Please note: I now create a storage location on my local file-system. However the  storage location for results is not limited to this. Another option would be to choose the hdfs file-system.

hadoop@roadrunner:~/mapreduce-tasks$ mkdir /home/hadoop/mapreduce-results

8) Execute the “chicken count MapReduce task”:

hadoop@roadrunner:~/mapreduce-tasks$ hadoop jar com.eden33.hadoop.task.wordcount-1.0-SNAPSHOT.jar com.eden33.hadoop.task.ChickenCount hdfs://localhost:9000/chickens.txt file:///home/hadoop/mapreduce-results/1/
16/02/13 12:26:30 WARN util.NativeCodeLoader: Unable to load native-hadoop library for your platform... using builtin-java classes where applicable
16/02/13 12:26:32 INFO client.RMProxy: Connecting to ResourceManager at /0.0.0.0:8032
16/02/13 12:26:33 INFO client.RMProxy: Connecting to ResourceManager at /0.0.0.0:8032
16/02/13 12:26:34 WARN mapreduce.JobResourceUploader: Hadoop command-line option parsing not performed. Implement the Tool interface and execute your application with ToolRunner to remedy this.
16/02/13 12:26:36 INFO mapred.FileInputFormat: Total input paths to process : 1
16/02/13 12:26:37 INFO mapreduce.JobSubmitter: number of splits:2
16/02/13 12:26:38 INFO mapreduce.JobSubmitter: Submitting tokens for job: job_1455357938720_0001
16/02/13 12:26:40 INFO impl.YarnClientImpl: Submitted application application_1455357938720_0001
16/02/13 12:26:40 INFO mapreduce.Job: The url to track the job: http://roadrunner:8088/proxy/application_1455357938720_0001/
16/02/13 12:26:40 INFO mapreduce.Job: Running job: job_1455357938720_0001
16/02/13 12:27:10 INFO mapreduce.Job: Job job_1455357938720_0001 running in uber mode : false
16/02/13 12:27:10 INFO mapreduce.Job:  map 0% reduce 0%
16/02/13 12:28:03 INFO mapreduce.Job:  map 50% reduce 0%
16/02/13 12:28:15 INFO mapreduce.Job:  map 100% reduce 0%
16/02/13 12:29:31 INFO mapreduce.Job:  map 100% reduce 100%
16/02/13 12:29:38 INFO mapreduce.Job: Job job_1455357938720_0001 completed successfully

9) Check the MapReduce result directory we have provided while execution in 8)

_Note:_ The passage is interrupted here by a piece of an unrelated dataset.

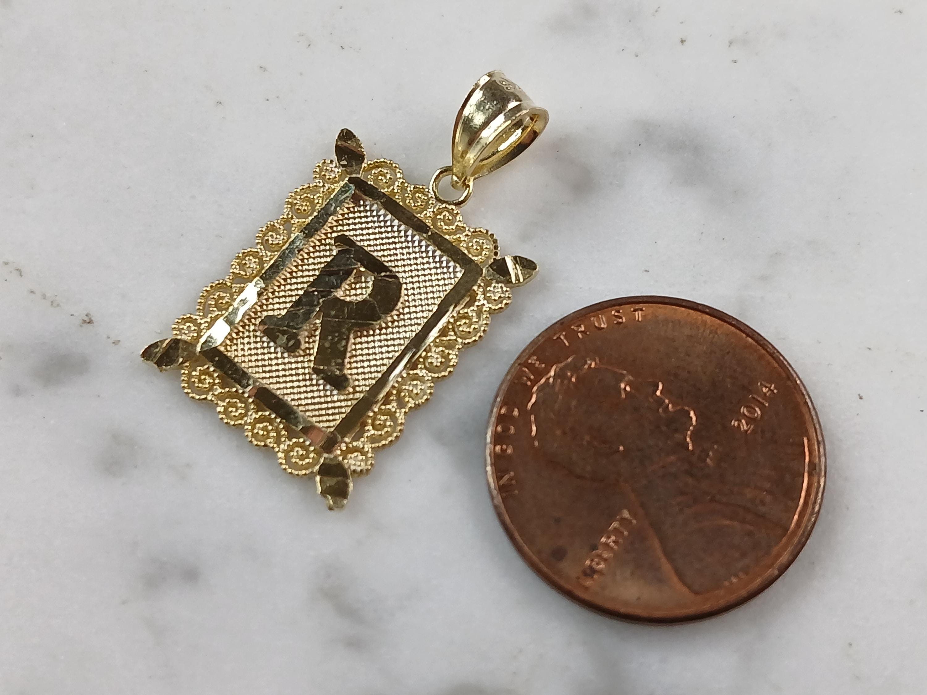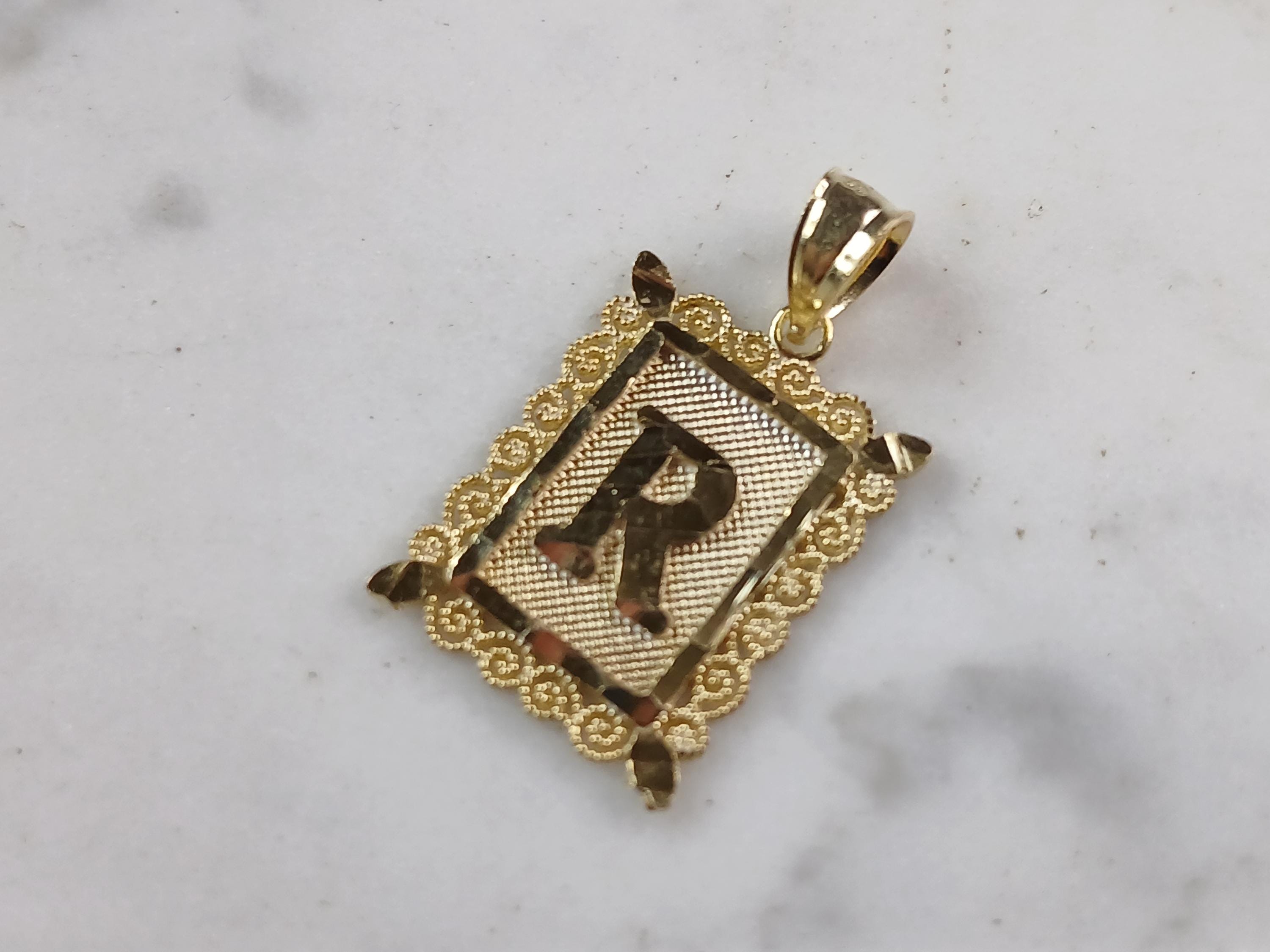 A WOMENS STERLING SILVER GOLD TONE INITIAL LETTER "R" PENDANT. PENDANT WEIGHS 1.3g AND MEASURES 1" LONG BY 5/8" WIDE. MAKES A GREAT GIFT FOR THAT SOMEONE SPECIAL. ANY QUESTIONS, PLEASE ASK. BE SURE TO CHECK OUT OUR OTHER ITEMS FOR SALE.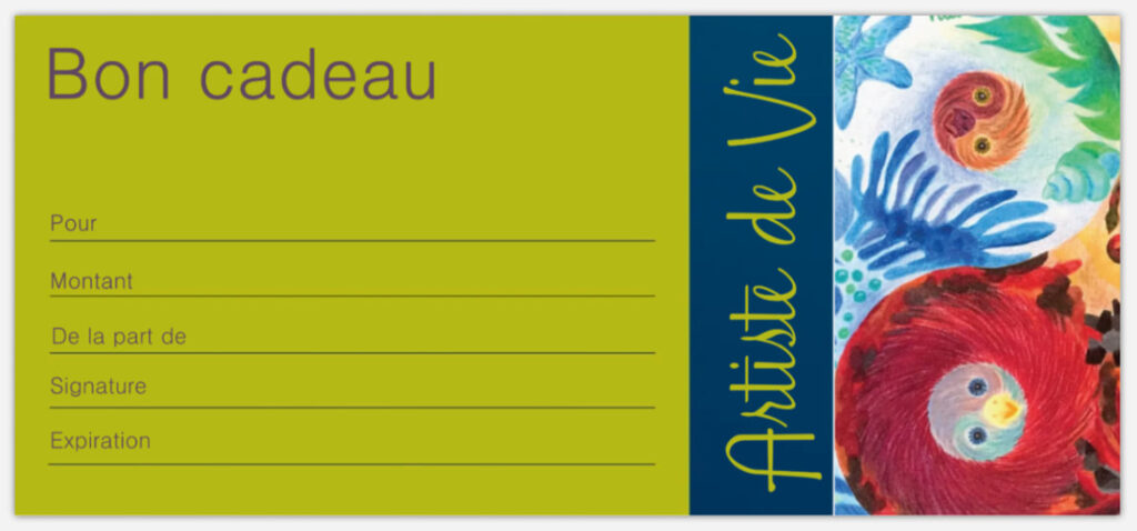 Les bons cadeaux sont disponibles au Studio Artiste de Vie ou payés en ligne et envoyés par poste.

hadoop@roadrunner:~/mapreduce-tasks$ vi /home/hadoop/mapreduce-results/1/
part-00000       .part-00000.crc  _SUCCESS         ._SUCCESS.crc
hadoop@roadrunner:~/mapreduce-tasks$ vi /home/hadoop/mapreduce-results/1/part-00000 

Summary

/home/hadoop/mapreduce-results/1/part-00000 was created and contains the result text “chicken 14” if you followed my walkthrough with success. In addition you may want to check the YARN resourcemanager web application mentioned in my previous article about Hadoop setup. You will notice that it provides additional basic information about submitted tasks (e.g. start time, end time and the task status). Congratulations; no need to count the chickens manually anymore 😉 Code is available on Github.